====== Data for this task ======

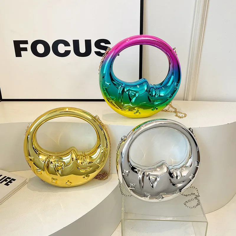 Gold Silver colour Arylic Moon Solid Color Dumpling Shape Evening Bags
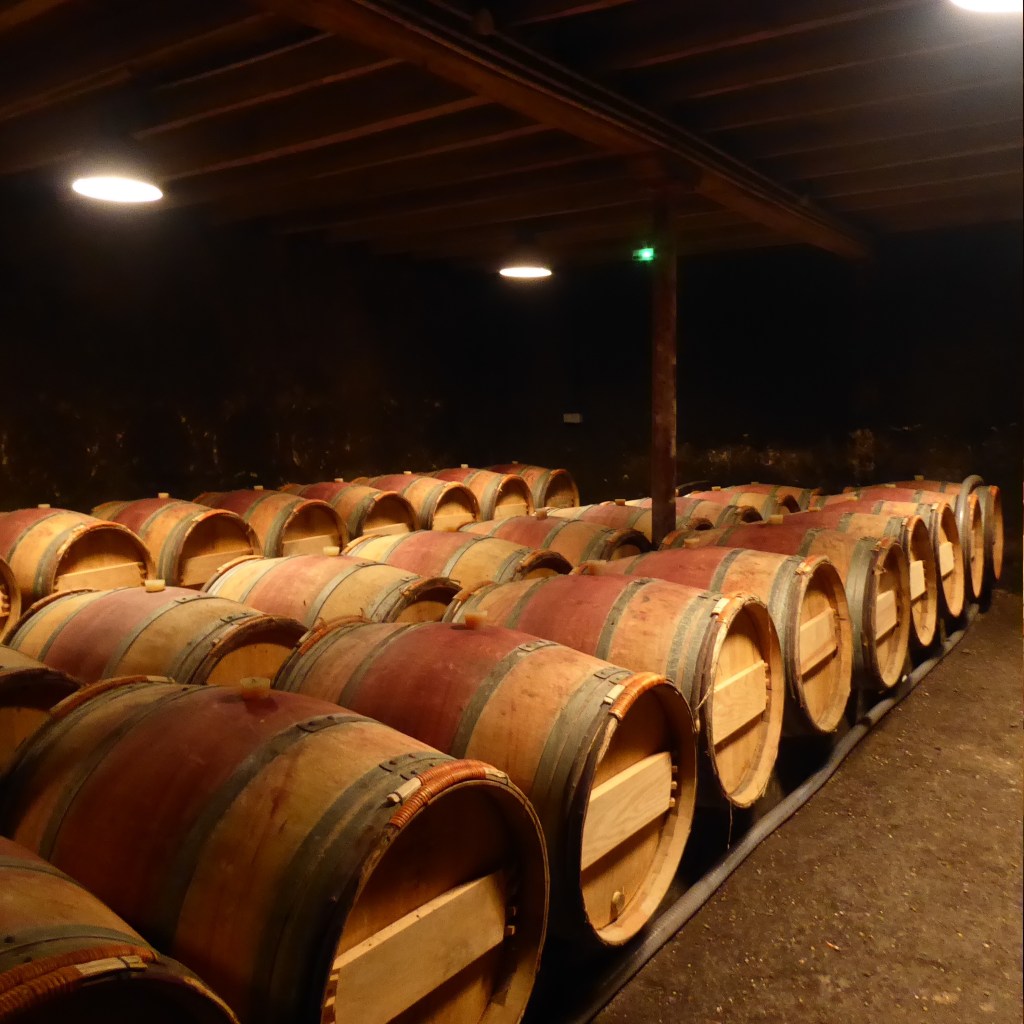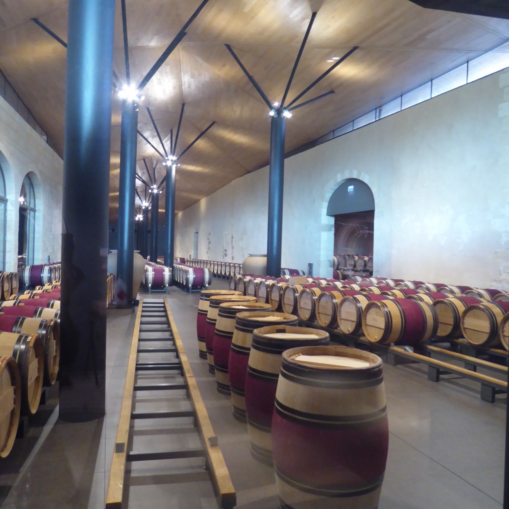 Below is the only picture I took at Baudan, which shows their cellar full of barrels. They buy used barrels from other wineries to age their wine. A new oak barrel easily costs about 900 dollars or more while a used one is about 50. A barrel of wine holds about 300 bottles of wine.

======
====== Data for this task ======

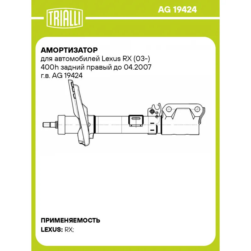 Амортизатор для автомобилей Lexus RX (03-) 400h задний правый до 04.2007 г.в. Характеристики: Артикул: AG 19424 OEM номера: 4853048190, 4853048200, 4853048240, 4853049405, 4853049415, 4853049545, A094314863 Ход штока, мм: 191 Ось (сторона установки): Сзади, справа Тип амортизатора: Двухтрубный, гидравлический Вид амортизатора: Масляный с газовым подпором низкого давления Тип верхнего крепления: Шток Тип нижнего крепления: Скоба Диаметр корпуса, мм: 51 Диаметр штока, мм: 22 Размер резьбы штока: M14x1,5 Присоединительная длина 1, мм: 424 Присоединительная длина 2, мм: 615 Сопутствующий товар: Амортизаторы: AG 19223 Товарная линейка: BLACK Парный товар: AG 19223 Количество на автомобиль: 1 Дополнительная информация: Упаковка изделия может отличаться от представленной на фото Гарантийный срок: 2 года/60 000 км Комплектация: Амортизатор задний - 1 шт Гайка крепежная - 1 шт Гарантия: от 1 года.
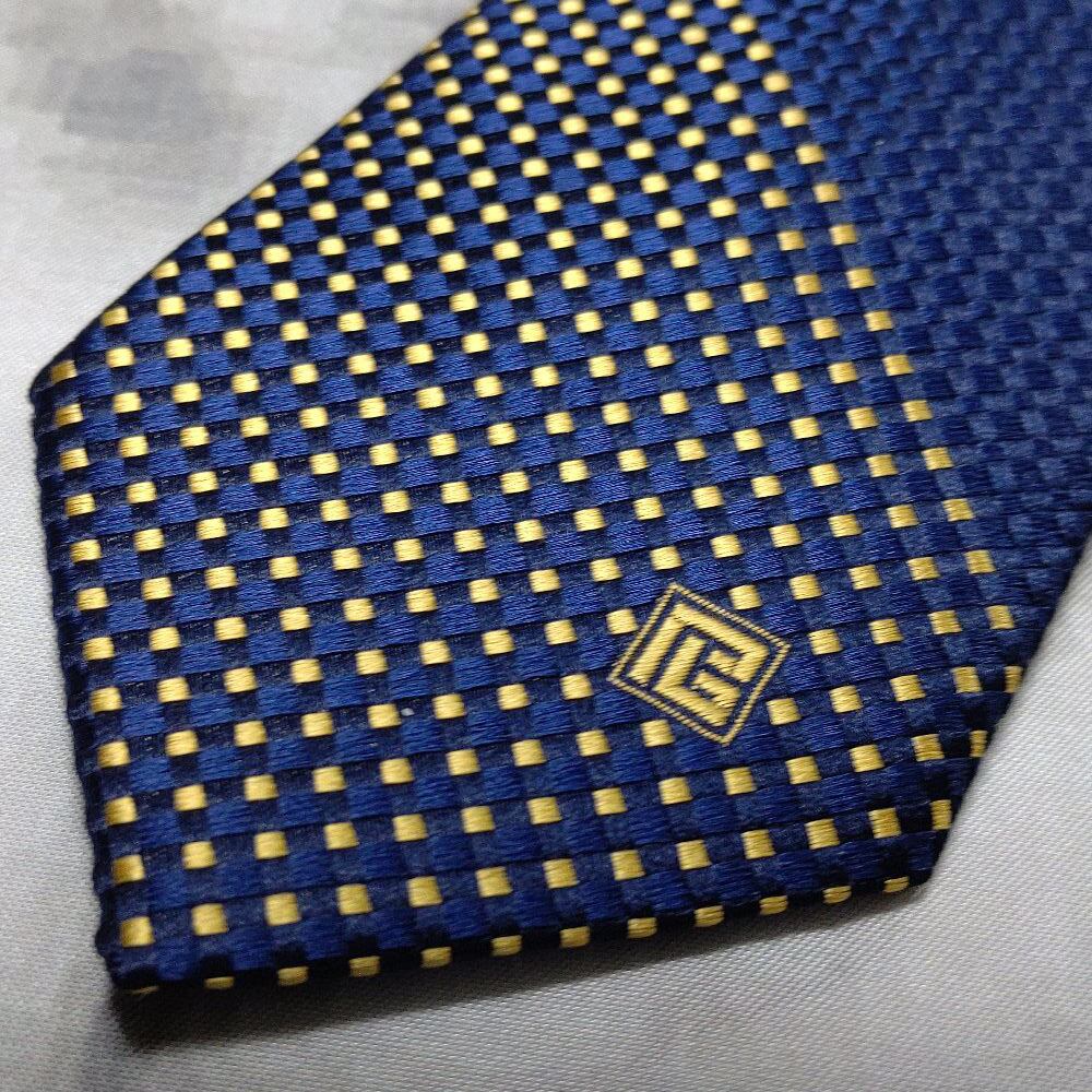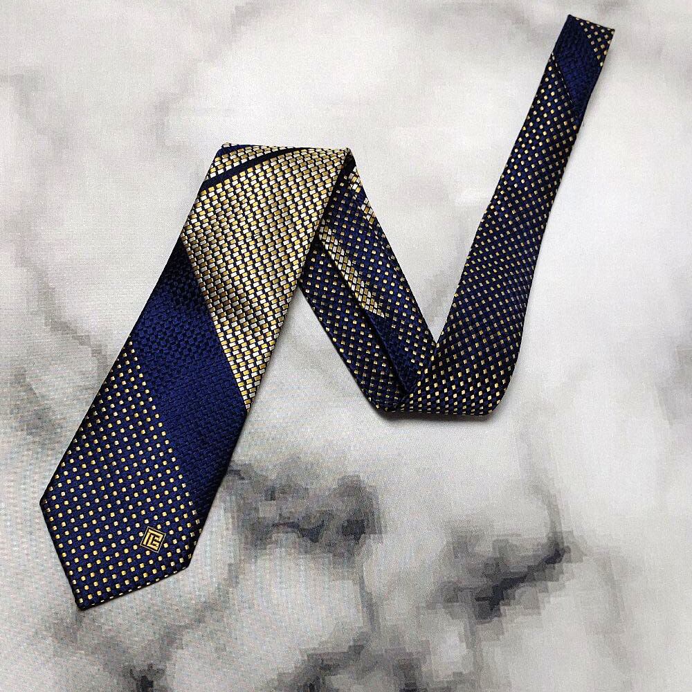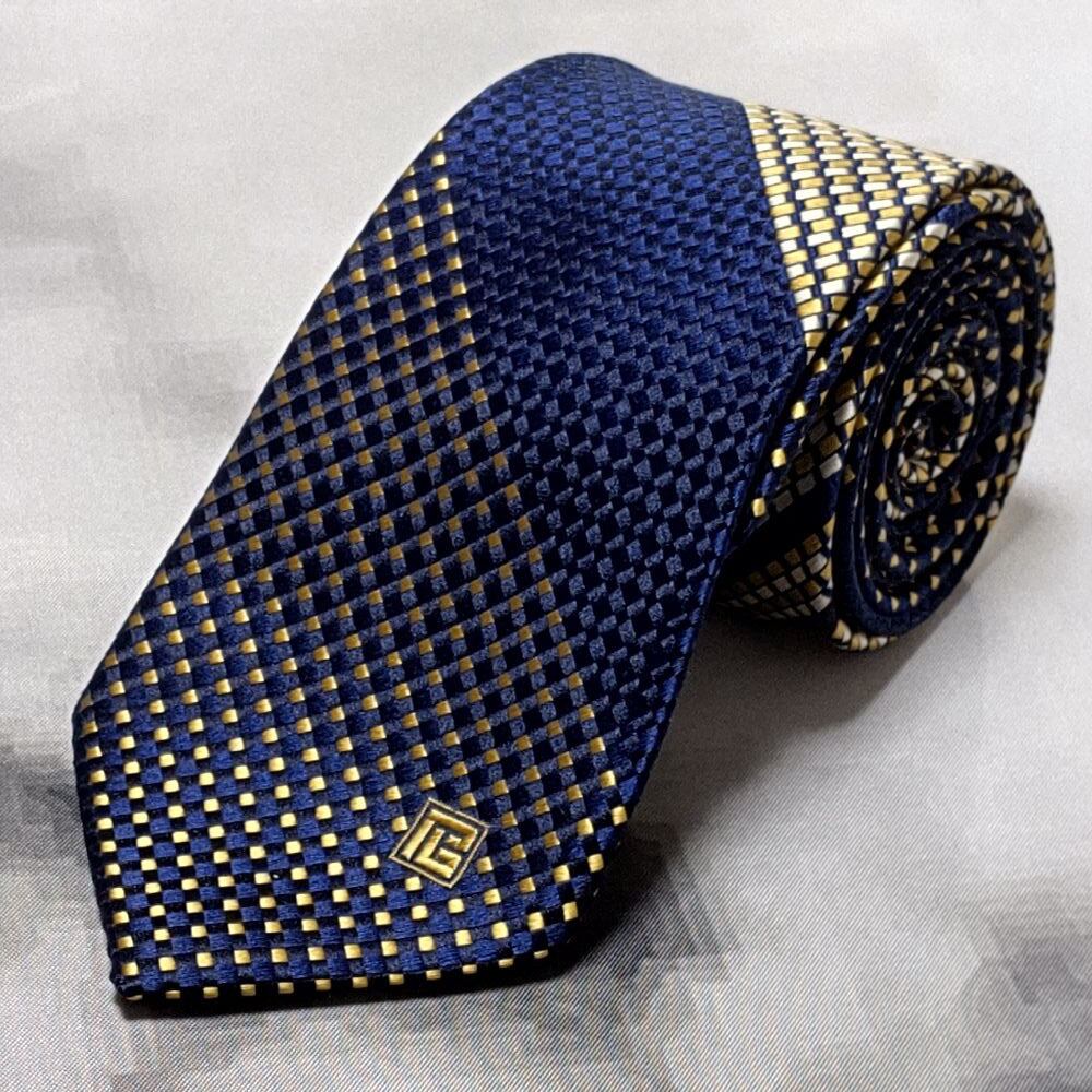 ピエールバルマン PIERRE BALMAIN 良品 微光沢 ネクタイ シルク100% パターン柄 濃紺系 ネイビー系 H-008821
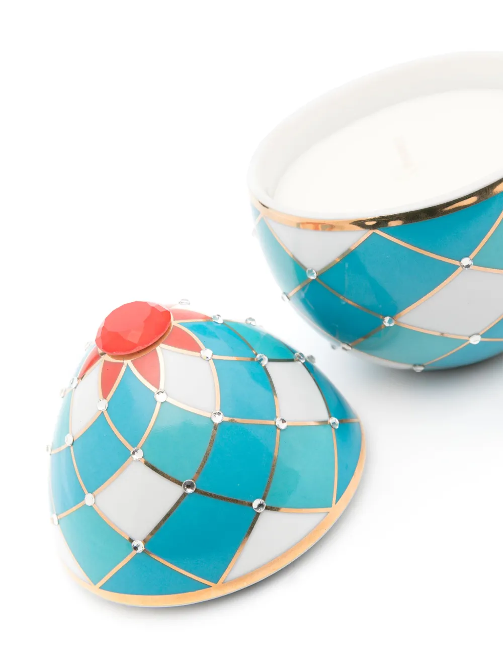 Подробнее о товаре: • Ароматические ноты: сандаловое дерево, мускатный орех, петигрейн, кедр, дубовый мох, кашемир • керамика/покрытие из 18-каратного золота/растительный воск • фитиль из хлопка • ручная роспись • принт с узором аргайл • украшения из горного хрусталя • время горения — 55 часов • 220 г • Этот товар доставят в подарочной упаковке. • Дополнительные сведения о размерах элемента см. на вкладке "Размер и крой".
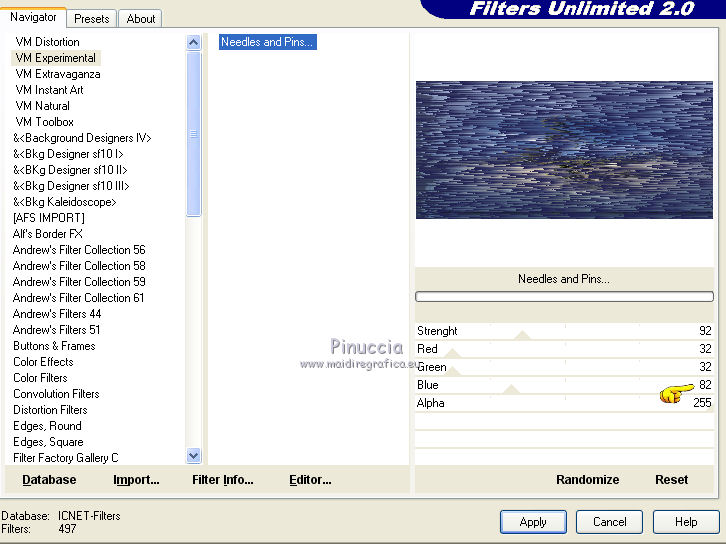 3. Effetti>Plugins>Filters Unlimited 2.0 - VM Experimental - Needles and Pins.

======

Task description:
Reproduce the data above exactly, but only from the line containing "Gold Silver colour" through the line containing "Below is the"; skip the pictures.

Response area:
 Gold Silver colour Arylic Moon Solid Color Dumpling Shape Evening Bags
 Below is the only picture I took at Baudan, which shows their cellar full of barrels. They buy used barrels from other wineries to age their wine. A new oak barrel easily costs about 900 dollars or more while a used one is about 50. A barrel of wine holds about 300 bottles of wine.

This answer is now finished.